How to complete this task
Set the records down again in full, exactly as they are, apart from the images.
* * * *
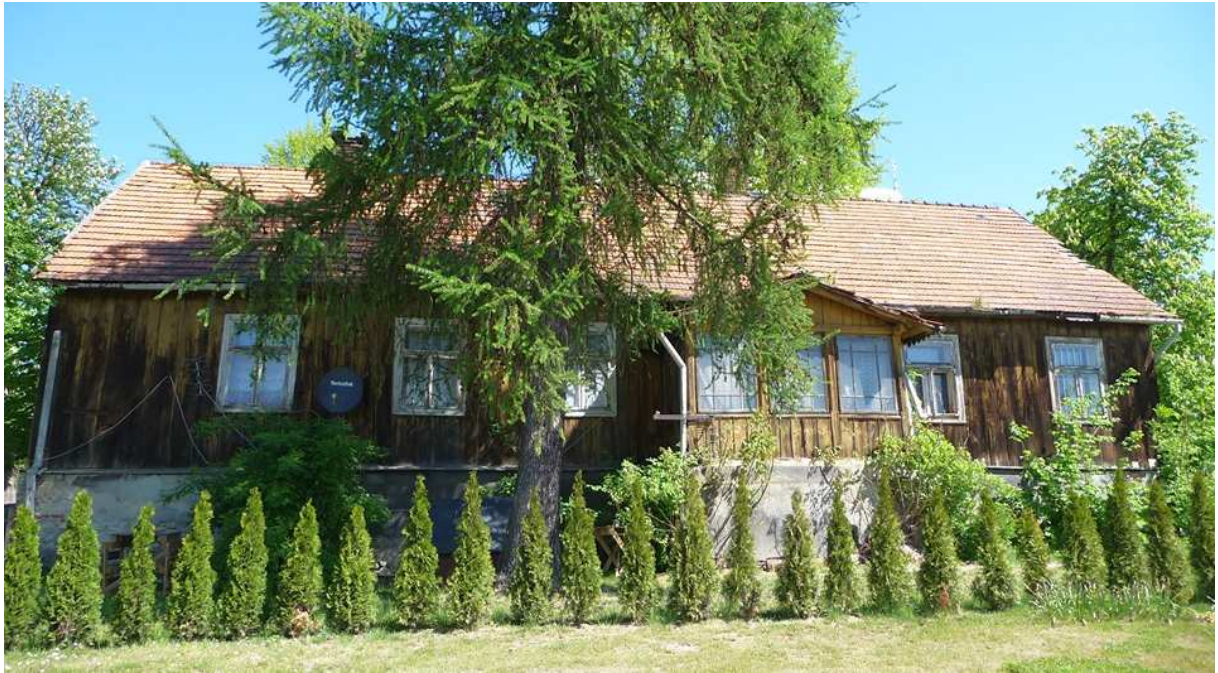
Fot. nr 301 (301-304). Rozległy dom z przełomu lat 20/30 z ulica Jana Pawła II (?) – może stara plebania?
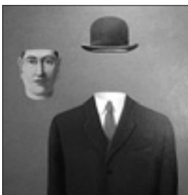
René Guenon, «Il pellegrino» (1966)

A partire da queste considerazioni è possibile individuare un itinerario verso il cortile
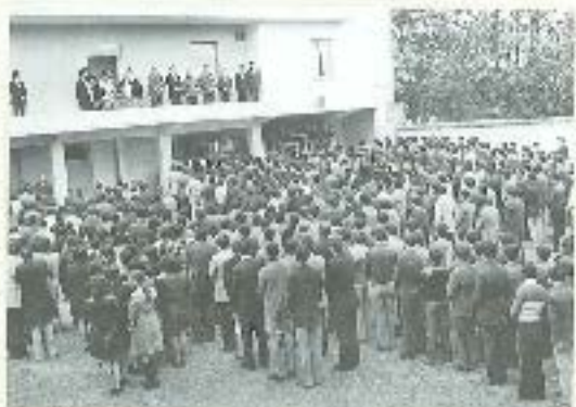
Ἀγριαῖος τοῦ Ἱεροῦ Νεοῦ Ἐβραίου
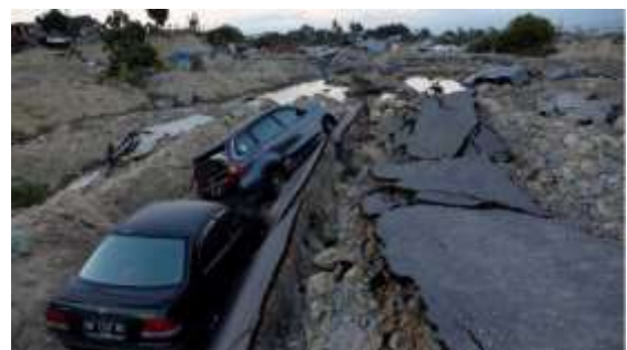
Gambar 13. Likuifaksi di wilayah Balaroa kota Palu menenggelamkan mobil
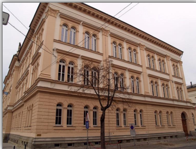
Stavba v Krekovi ulici, kjer je danes Prva gimnazija

S prihodom nemškega okupatorja je ravnatelj aprila 1941 moral predati šolo nemški civilni upravi, ki jo je uporabila za svoje potrebe. [3]
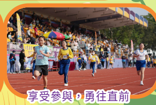
享受參與，勇往直前
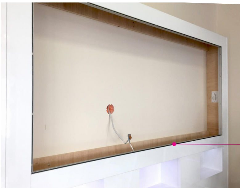
Beispiel BABOR Thekenrückwand mit Aluminium-Leiste
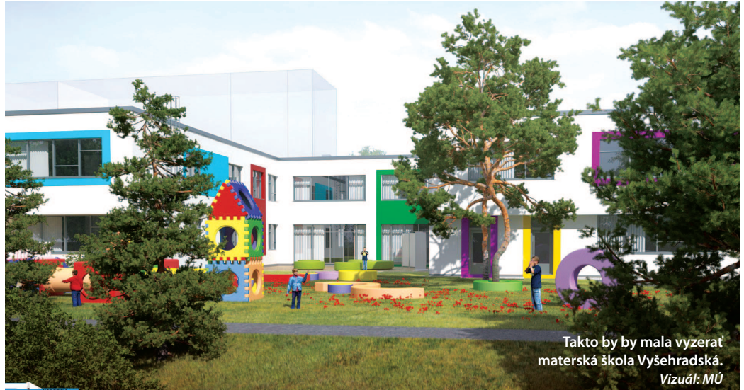
Takto by mala vyzerat materská škola Vyšehradská. Vizuál: MÚ
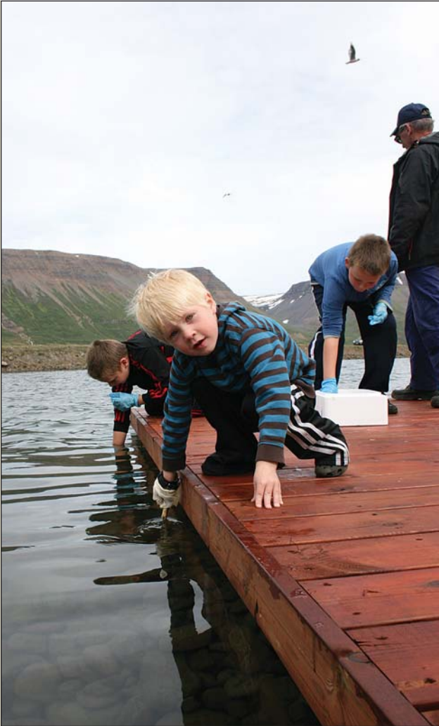
Unga fólkið nýtur þess að gefa þorskinum að borða.
* * * *
The completed task
Fot. nr 301 (301-304). Rozległy dom z przełomu lat 20/30 z ulica Jana Pawła II (?) – może stara plebania?
René Guenon, «Il pellegrino» (1966)

A partire da queste considerazioni è possibile individuare un itinerario verso il cortile
Ἀγριαῖος τοῦ Ἱεροῦ Νεοῦ Ἐβραίου
Gambar 13. Likuifaksi di wilayah Balaroa kota Palu menenggelamkan mobil
Stavba v Krekovi ulici, kjer je danes Prva gimnazija

S prihodom nemškega okupatorja je ravnatelj aprila 1941 moral predati šolo nemški civilni upravi, ki jo je uporabila za svoje potrebe. [3]
享受參與，勇往直前
Beispiel BABOR Thekenrückwand mit Aluminium-Leiste
Takto by mala vyzerat materská škola Vyšehradská. Vizuál: MÚ
Unga fólkið nýtur þess að gefa þorskinum að borða.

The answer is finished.